William sniffed. “I moved in their circle for some time. Niccolò had a fraught relationship with them.”

“So I’ve heard. Could it be that he wrote The Prince for you?”

William offered her an indifferent look before gazing down at the gallery again. He saw a pair of lovers sitting on the steps of the loggia, kissing passionately.

“Where’s the Prince’s little pet this evening?”

“Out,” he rumbled.

“I’m surprised you let her out of your sight, given the way you were with her at Teatro.”

William opened his mouth to protest, but Aoibhe interrupted.

“Don’t bother lying. One might almost say you’re in love with her.”

“Love?” he scoffed. “You know our kind too little.”

“Ah, my prince. I know you only too well.” She moved closer to touch his face.

He sidestepped her. “What do you know of love?”

“Precious little. I’ve tried to forget my time as a human. It made immortality much easier. But there was a boy . . .” She smiled, a faraway look in her eyes. “After the English lord raped me, the boy didn’t want me anymore.”
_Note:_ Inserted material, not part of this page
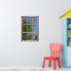 Poster that looks like a window -- Spring Tree Enjoy the first fresh green leaves of Springtime as you look out from your window poster onto this tree against a blue April sky. It is framed by a wood window and will give you the effect of a room with a view no matter where you live. This is such a relaxing scene to have on your wall.

“This is your account of love?” William strode to the crenellations, placing his hands on one.

“Maybe the boy didn’t love me. Maybe the ugliness of rape killed his love. I was young and unable to fathom such mysteries.”

She tilted her head, regarding the Prince thoughtfully.

“One might say we have shared love, you and I. Our evenings together were certainly pleasurable. That’s love enough for me.”

“It isn’t enough,” he muttered, leaning forward on the battlements.

She stood next to him, following his gaze to the lovers who were kissing at the loggia. “The kind of love of which you speak is dangerous. It makes one vulnerable.”

Satisfied that the woman entangled in the embrace below was not Raven, he tore his eyes from her.

“We are all vulnerable in some way.”

“Then be vulnerable to me and make me your consort.”